Biostimulants applied at the right time will be beneficial to the plant and soil over winter. Applications of carbon energy in the form of sugar can assist the plant in being more resilient and well-developed in the early spring. Therefore, a well-planned autumn application can have benefits on the start of the following season.
Seaweed has been shown to elicit important beneficial defence and stress responses in plants and associated microorganisms. Amino acids play an important role in abiotic stress tolerance, helping plants to prepare for and to cope with autumnal and winter stress events, such as varying changes in temperature and volumetric water content.
Don’t forget the emergency authorisation for applicatons of Acelepryn for the control of leatherjackets is still available with an end date for sale and application being 29th November. A month later than previous years.
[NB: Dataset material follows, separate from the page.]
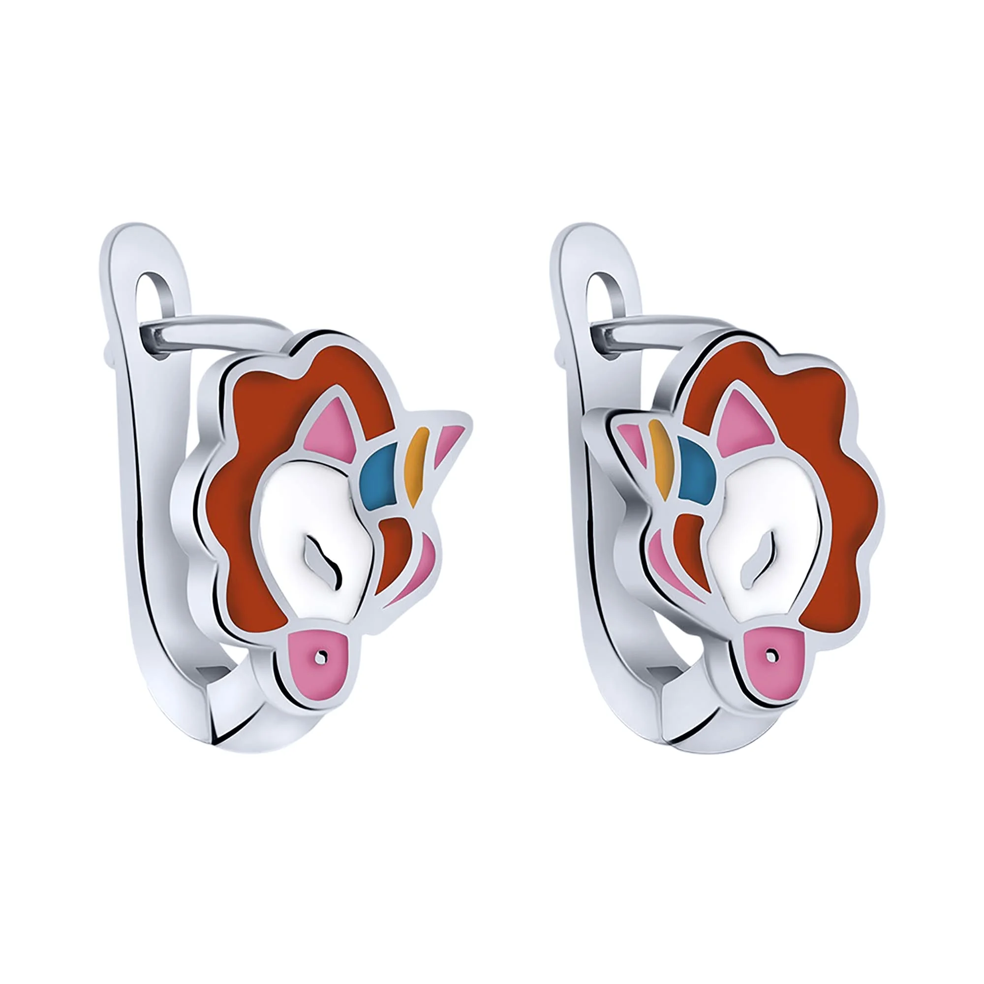 Стильные детские сережки "Единорог" с эмалью - 1978671
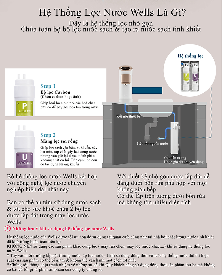 Hệ thống lọc nước Wells kết hợp với công nghệ lọc nước chuyên nghiệp và hiện đại nhất ngày nay. Bạn hoàn toàn an tâm khi sử dụng nguồn nước sạch với 2 bước lọc:

There has been plenty of activity recently reported, with some noting a particularly long hatch period. Applications of the product should continue to be made when peak activity of the adult crane fly on the wing are observed, if this has given satisfactory results previously. If satisfactory control is not been achieved, new research indicates applications can be made up to one month after peak flight. Adult flies commence egg laying almost immediately, with hatching and larvae emergence about two weeks later; Acelepryn is most active on the 1st and 2nd instar larval stages. As with an integrated approach to disease management, monitoring, record keeping and understanding of the pests organisms life cycle are key factors for success.
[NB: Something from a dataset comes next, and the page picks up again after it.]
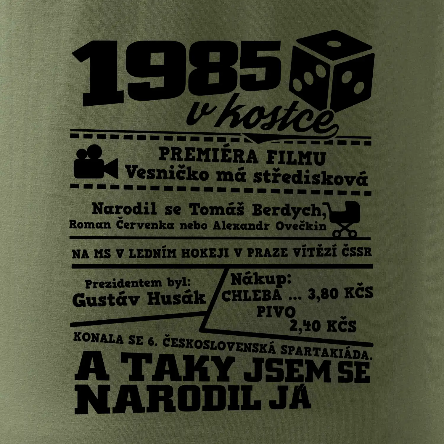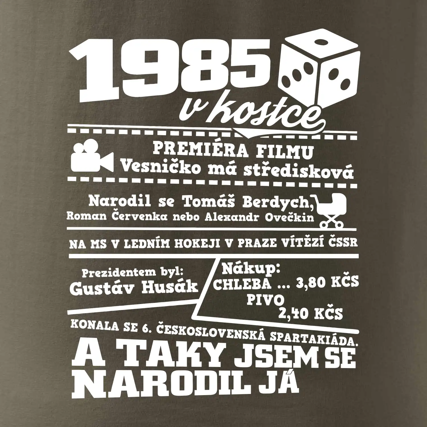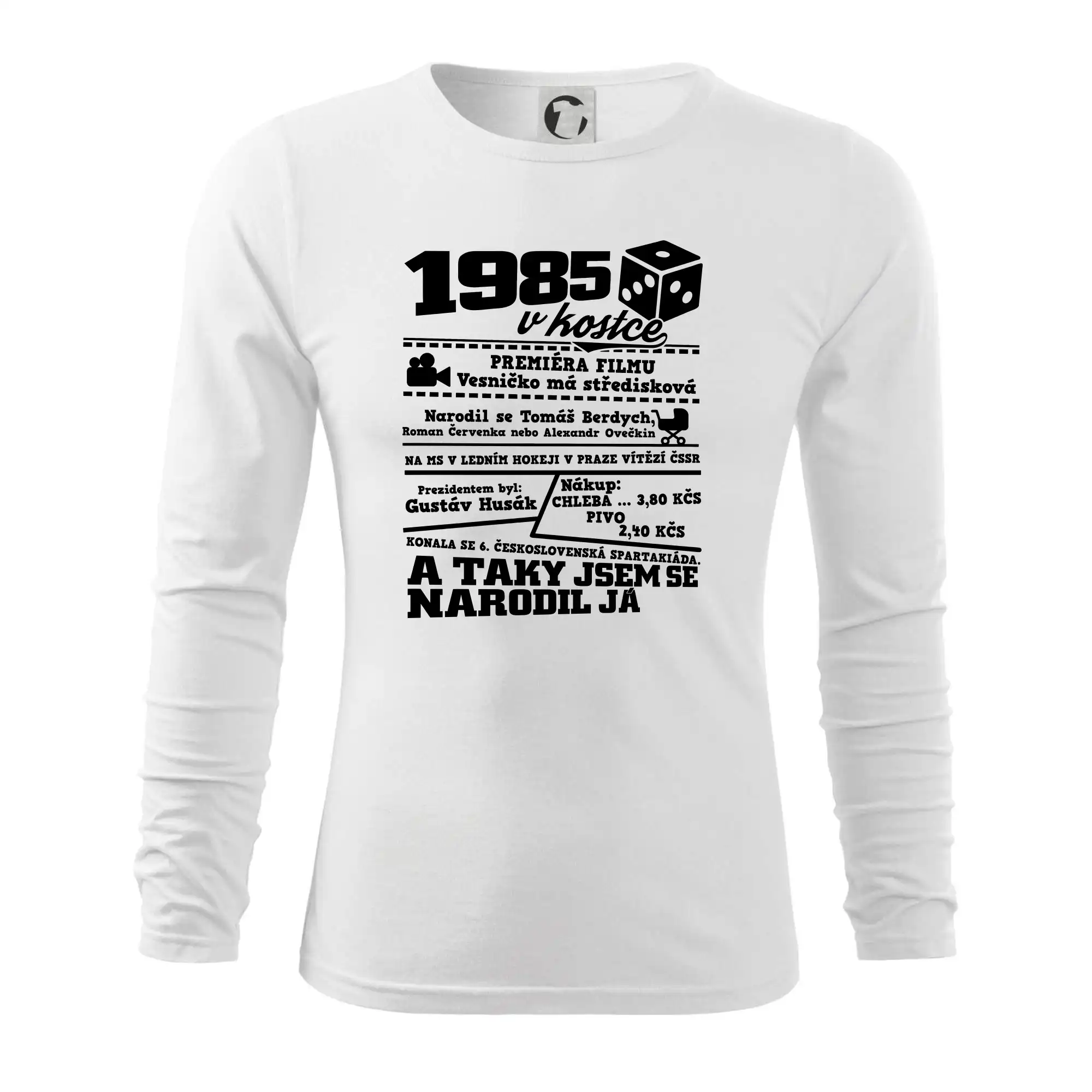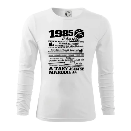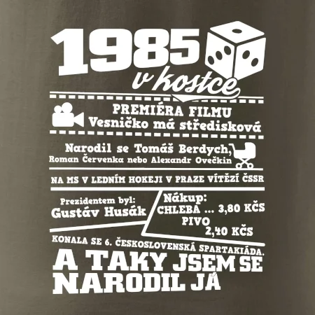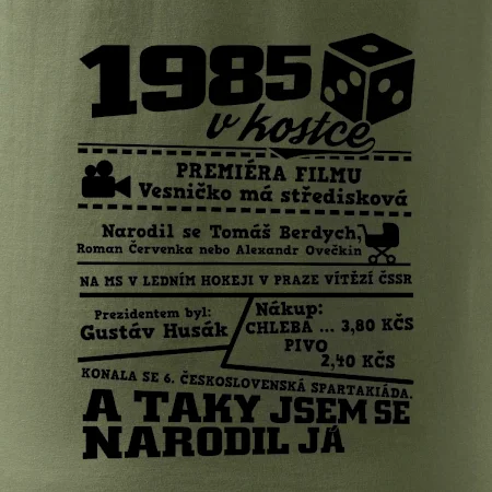 Narozeninové tričko pro ročník 1985. Sháníš originální dárek? Triko pro ročník 1985 v kostce je ten nejlepší dárek, kterým jistě potěšíš. Kolik co stálo? Kdo byl prezident? Kdo se narodil? Všechno tohle a ještě mnohem víc najdeš na našem oslaveneckém triku!

With the relatively dry August and September, worm activity has been minimal for most, however as moisture levels continue to rise, these may become a major issue to contend with. There are no legal controls for earthworms and any product which is applied to directly affect them is done so illegally. Cultural management is the only route currently available. There are many options available, but the result should be measured against the amount of input required to get those results and then whether it is justifiable to carry the practices out. Practices such as localised surface acidification, removal of grass clippings to reduce their food source and sanding of surfaces to assist in the drying out and dispersal of casts. This does not completely eradicate the problem, but it will lead to less negative lasting impressions on the surface from the casts. Sulphate of iron is often used as a surface acidifying agent, but it is worth using with caution to avoid over application which may lead to negative effects to plant health throughout the rest of the year.
Keep machinery in good order, clean after use and top up any oil/fuel levels.
Check cutting cylinders are at correct cutting height and are sharp.